Chassis: a simple rectangle of 1/4 in thick wood, available from most home repair stores. Any material could be used, but it's best to use the lightest material you can. It's also easy to drill holes for mounting components.

Wheels: Rear/Drive wheels appear to be 4in diameter "lite flight". These cost a little extra, but are considered the best by some. Many others that are less expensive (or even free if you recycle) are almost as good.

Drive axle/Transmission: One of several Tamiya gearboxes available. Assembled straight out of the box without modification.

Note: You might be able to recycle the entire rear axle with transmission and wheels from an inexpensive Radio Control vehicle.

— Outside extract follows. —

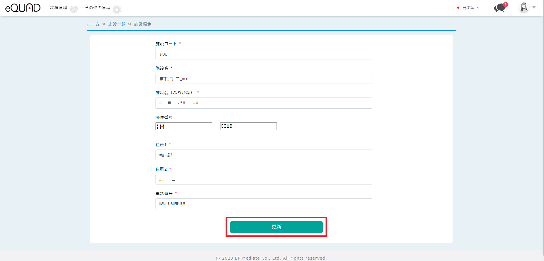 ③ 編集したい項目を入力の上、「更新」を押下してください。

Motor: The gearbox/transmission usually dictates what motor can be used. Motors are supplied with the Tamiya gearboxes.

Battery Box/Holder: This vehicle uses a common battery holder available from Radio Shack and others.

Steering: This is pretty basic, an articulated chassis with a vertical bolt to hold the two parts together and act as a pivot point. A longer wheelbase is easier to make go straight. Use a wing nut for easier adjustment.

Distance Measuring: Classic threaded axle/wing nut system. You have to go quite a ways to better this arrangement. As the axle turns, a wing nut travels along its length. As the wing nut nears one end of its travel, it contacts a switch and turns off the motor to stop the vehicle.

Brakes: None. As long as speeds are relatively slow, brakes are unnecessary. It would be fairly simple to add "Dynamic Braking" to this vehicle.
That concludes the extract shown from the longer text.